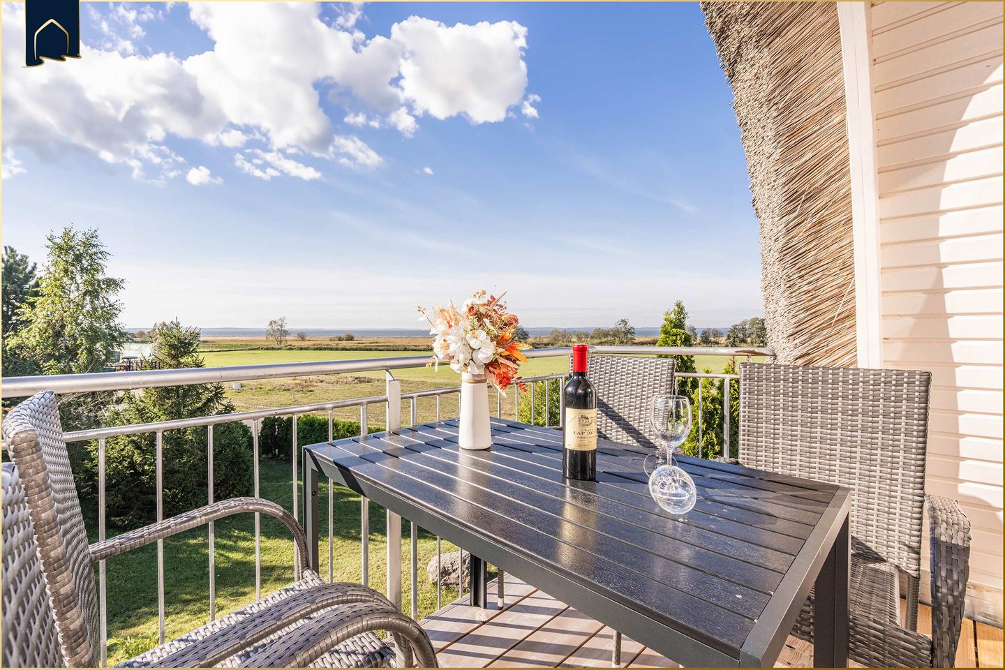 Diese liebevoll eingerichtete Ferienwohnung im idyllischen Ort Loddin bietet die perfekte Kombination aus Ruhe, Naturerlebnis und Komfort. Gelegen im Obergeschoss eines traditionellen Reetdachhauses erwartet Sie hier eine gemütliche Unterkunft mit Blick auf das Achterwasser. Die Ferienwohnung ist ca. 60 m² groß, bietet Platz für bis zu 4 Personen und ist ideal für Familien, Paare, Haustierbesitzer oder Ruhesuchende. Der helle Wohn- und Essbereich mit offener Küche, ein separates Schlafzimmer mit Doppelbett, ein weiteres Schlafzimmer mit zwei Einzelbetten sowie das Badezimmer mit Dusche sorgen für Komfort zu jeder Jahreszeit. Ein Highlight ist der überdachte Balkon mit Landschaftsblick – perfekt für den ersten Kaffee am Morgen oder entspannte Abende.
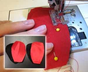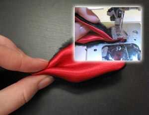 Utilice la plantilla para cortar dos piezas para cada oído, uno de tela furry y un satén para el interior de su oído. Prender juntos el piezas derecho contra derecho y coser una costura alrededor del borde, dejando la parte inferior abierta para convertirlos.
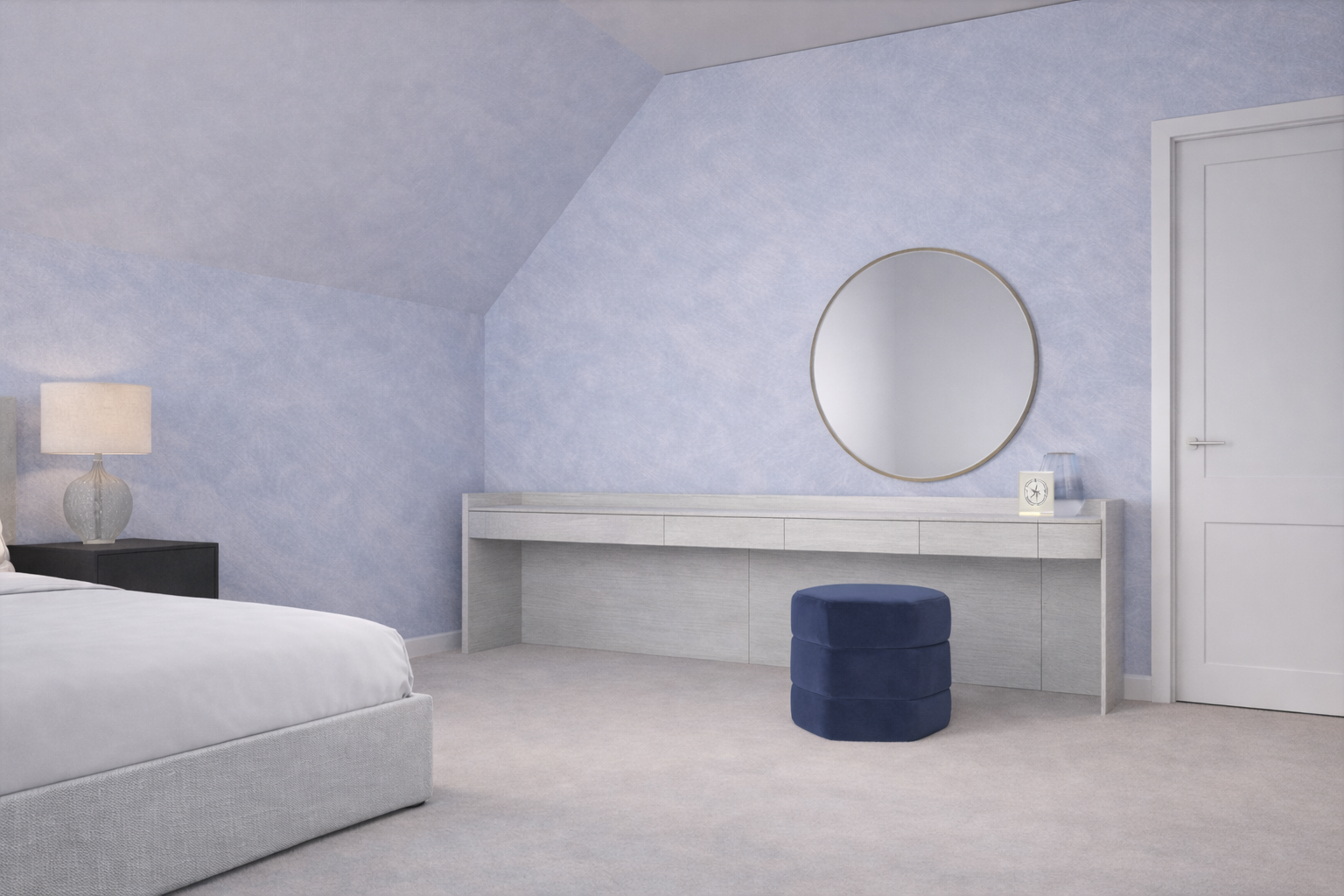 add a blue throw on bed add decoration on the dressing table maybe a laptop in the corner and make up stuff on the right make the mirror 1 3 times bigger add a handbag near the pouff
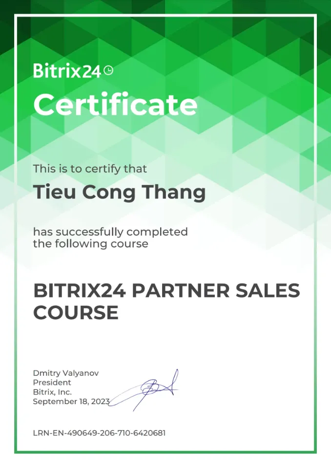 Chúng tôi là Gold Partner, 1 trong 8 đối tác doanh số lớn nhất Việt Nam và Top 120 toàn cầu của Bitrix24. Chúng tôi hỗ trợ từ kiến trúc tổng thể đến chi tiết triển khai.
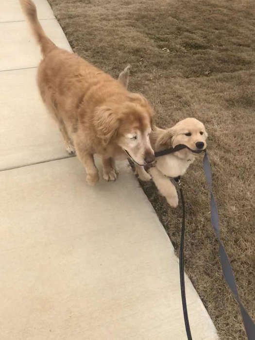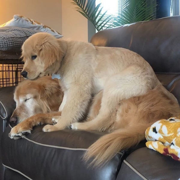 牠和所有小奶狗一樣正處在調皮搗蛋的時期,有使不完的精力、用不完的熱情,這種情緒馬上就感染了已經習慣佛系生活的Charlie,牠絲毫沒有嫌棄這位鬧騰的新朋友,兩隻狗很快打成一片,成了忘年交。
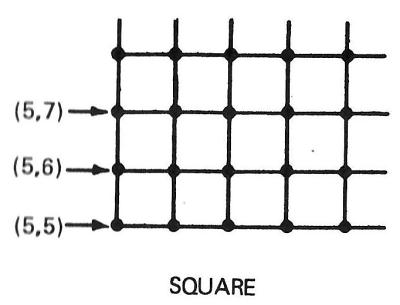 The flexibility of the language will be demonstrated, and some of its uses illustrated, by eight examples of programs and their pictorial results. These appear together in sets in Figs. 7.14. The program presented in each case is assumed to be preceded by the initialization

Task goal: Could you repeat word for word only the lines from the one that contains "Chúng tôi là" through the end of the listing, leaving out the pictures?

Reply to the exercise:
 Chúng tôi là Gold Partner, 1 trong 8 đối tác doanh số lớn nhất Việt Nam và Top 120 toàn cầu của Bitrix24. Chúng tôi hỗ trợ từ kiến trúc tổng thể đến chi tiết triển khai.
 牠和所有小奶狗一樣正處在調皮搗蛋的時期,有使不完的精力、用不完的熱情,這種情緒馬上就感染了已經習慣佛系生活的Charlie,牠絲毫沒有嫌棄這位鬧騰的新朋友,兩隻狗很快打成一片,成了忘年交。
 The flexibility of the language will be demonstrated, and some of its uses illustrated, by eight examples of programs and their pictorial results. These appear together in sets in Figs. 7.14. The program presented in each case is assumed to be preceded by the initialization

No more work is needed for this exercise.